# Proof by induction

A proof by induction is a technique of mathematical proof. It is one of the axioms of Zermelo-Fraenkel set theory, allowing a mathematician to have proofs that proceed in order through all the natural numbers. Proofs by induction are divided into three categories: weak (or classic) induction, strong induction, and transfinite induction. As the names suggest, weak induction proofs require fewer assumptions than strong induction proofs. Sometimes these assumptions are too weak, in which case strong induction is necessary. Transfinite induction involves infinitary mathematics, including the Axiom of Choice. Many mathematicians avoid transfinite induction when possible.

## Contents

### Weak Induction

Hypothesis A is true for 0. Then assume hypothesis A is true for the number n. Prove that it must be true for n+1.

### Strong Induction

Hypothesis A is true for 0. Then assume hypothesis A is true for all the numbers less than n. Prove that it must be true for n.
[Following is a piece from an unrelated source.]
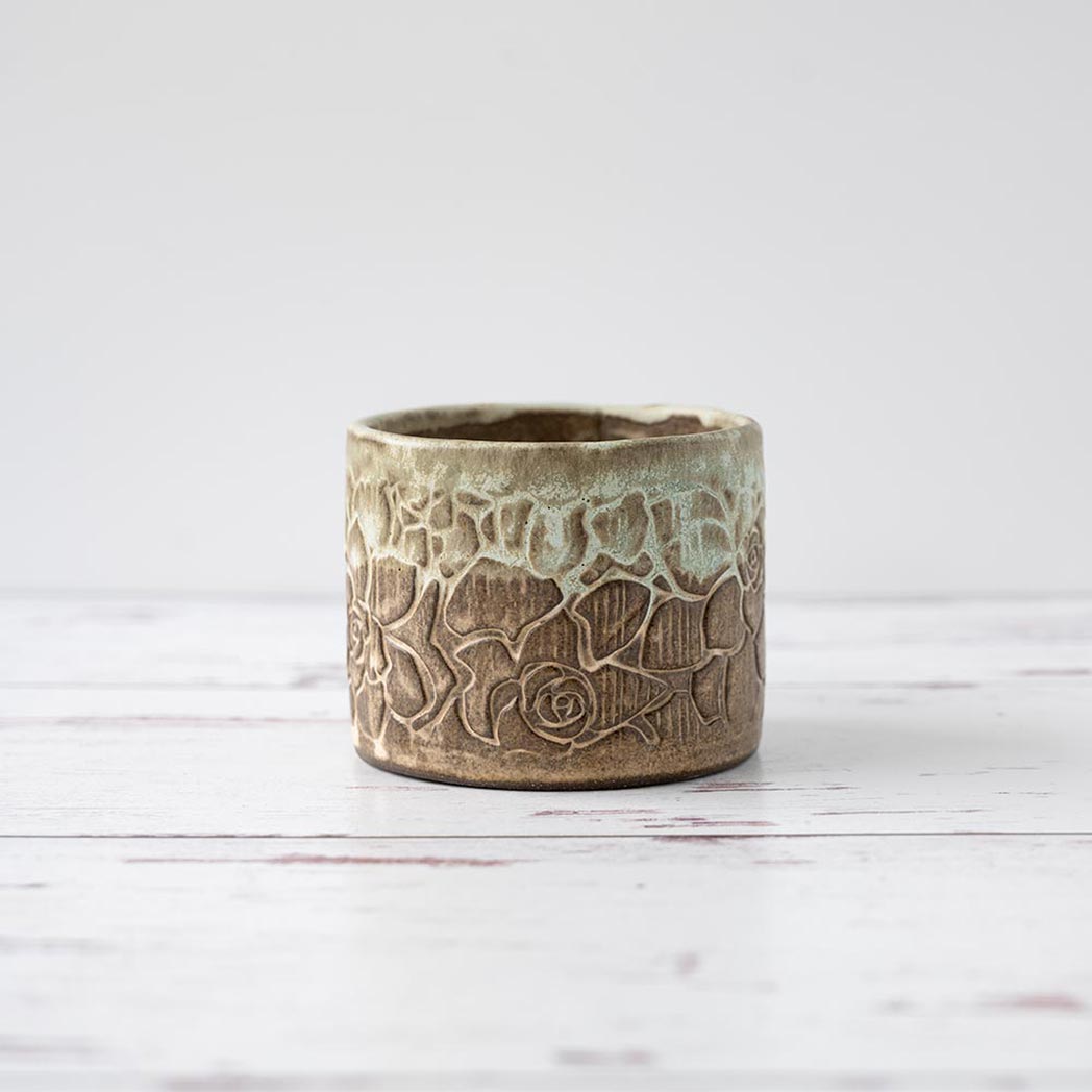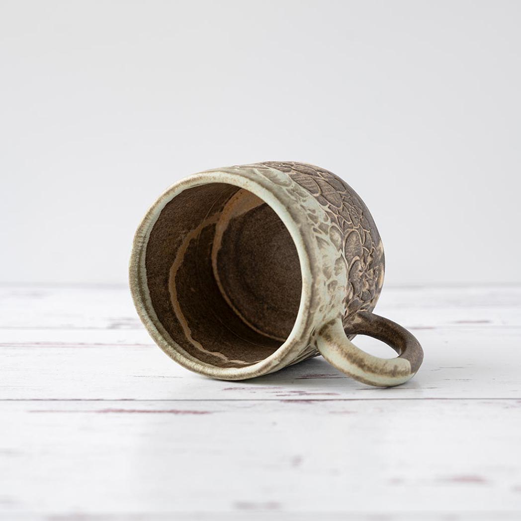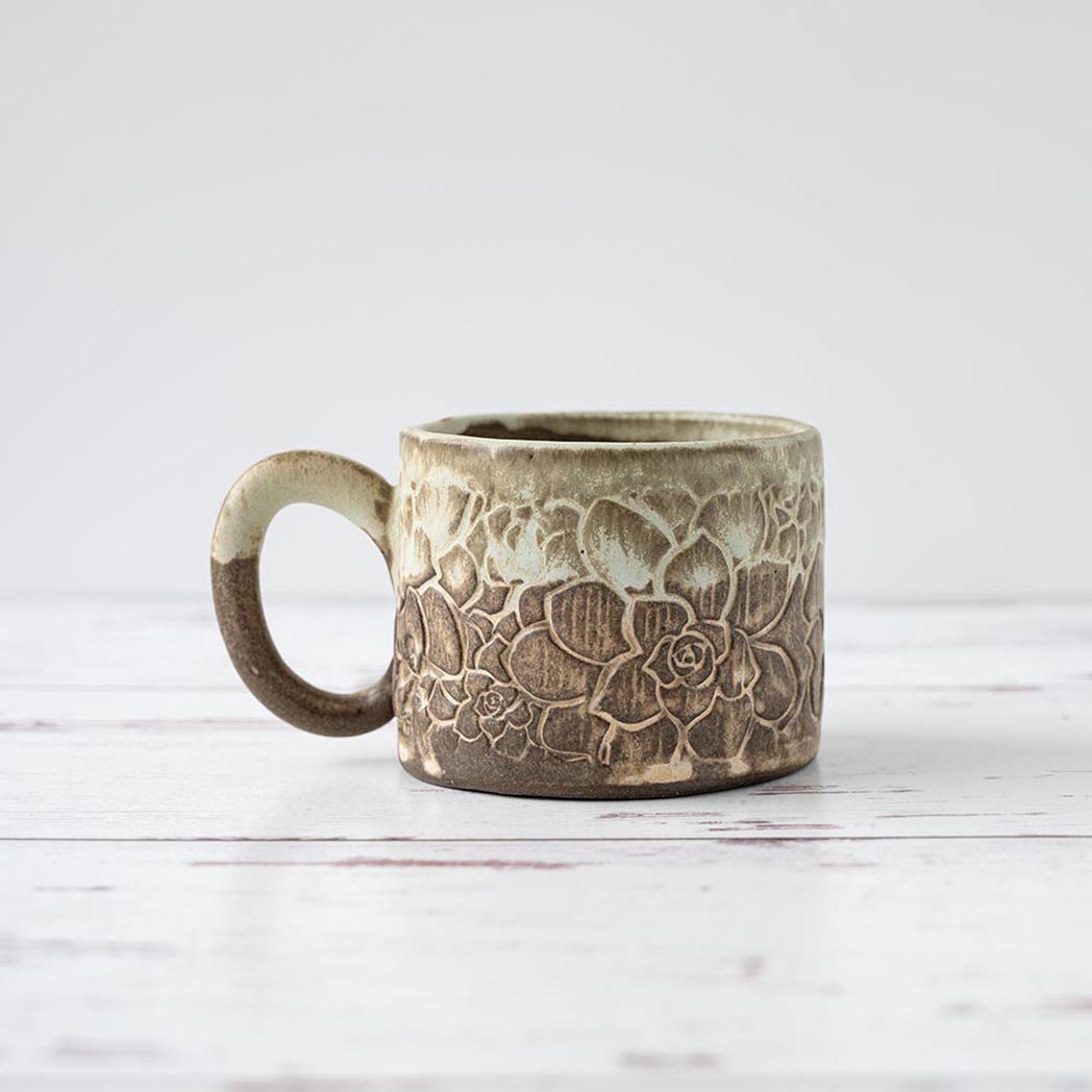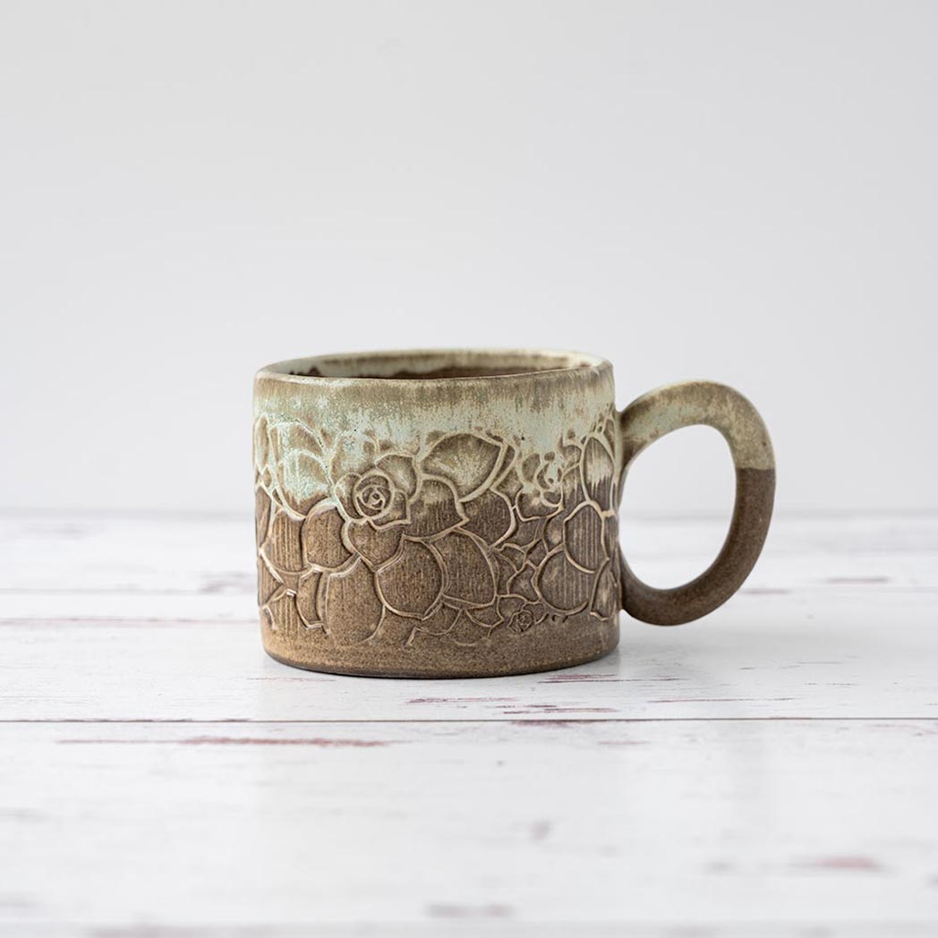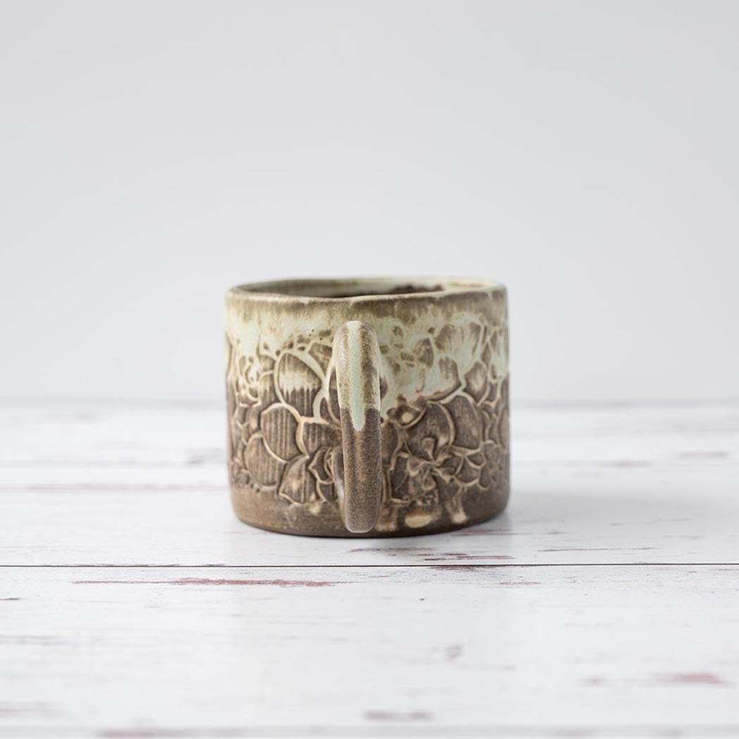 Handmade in Ohio, this beautiful white stoneware ceramic green succulent mug brings a rustic green and yellow vintage pattern to your mug collection. Enjoy approximately 8 oz. of your favorite coffee or tea in this unique hand-glazed mug which is both microwave and dishwasher safe.

### Technique of Induction

Both Weak and Strong Induction are based on the Peano Axioms, especially the Induction Axiom:
If a set S of numbers contains zero and the successor of every number in S, then S contains every number.
If you want to show that an hypothesis A is true for all Natural Numbers, you look at the set S of all numbers for which the hypothesis is true: you show, that
1. zero is an element of the set S
$0 \in S$
2. with any number n, S contains the successor of n
$n \in S \Rightarrow (n+1) \in S$

By the Induction Axiom, S then includes all Natural Numbers, i.e., the hypothesis A hold for all Natural Numbers. A standard example for this kind of reasoning is the following:
Hypothesis A: For any Natural Number n, the sum of the numbers less or equal to n is $\frac{n(n+1)}{2}$

1. Show: A holds for zero, i.e., zero is in S: That's easy: The sum of all natural numbers less or equal to zero is zero, and this equals $\frac{0(0+1)}{2}$
2. Show: If A holds for n, then A holds for n+1: So, we assume that A is true for n:
(*) $1 + 2 + 3 + ... + n = \frac{n(n+1)}{2}$
We have to show, that then A is true for n+1:
$1 + 2 + 3 + ... + n + (n+1)= \frac{(n+1)((n+1)+1}{2}$
How to do this? For example, the following way, starting with (*):
$1 + 2 + 3 + ... + n = \frac{n(n+1)}{2}\quad |$adding (n+1) on both sides
$\Leftrightarrow$
$1 + 2 + 3 + ... + n + (n+1)= \frac{n(n+1)}{2} + (n+1)\quad|$simplify the right side
$\Leftrightarrow$
$1 + 2 + 3 + ... + n + (n+1)=\frac{n(n+1)}{2} + \frac{2(n+1)}{2}=\frac{n(n+1)+2(n+1)}{2}=\frac{(n+1)(n+2)}{2}$

Now, we're finished: the hypothesis A holds for all the Natural Numbers.

### Transfinite Induction

Assume hypothesis A is true for a finite number n or an infinite cardinal k. Prove it must be true for n+1 (respectively, k+1).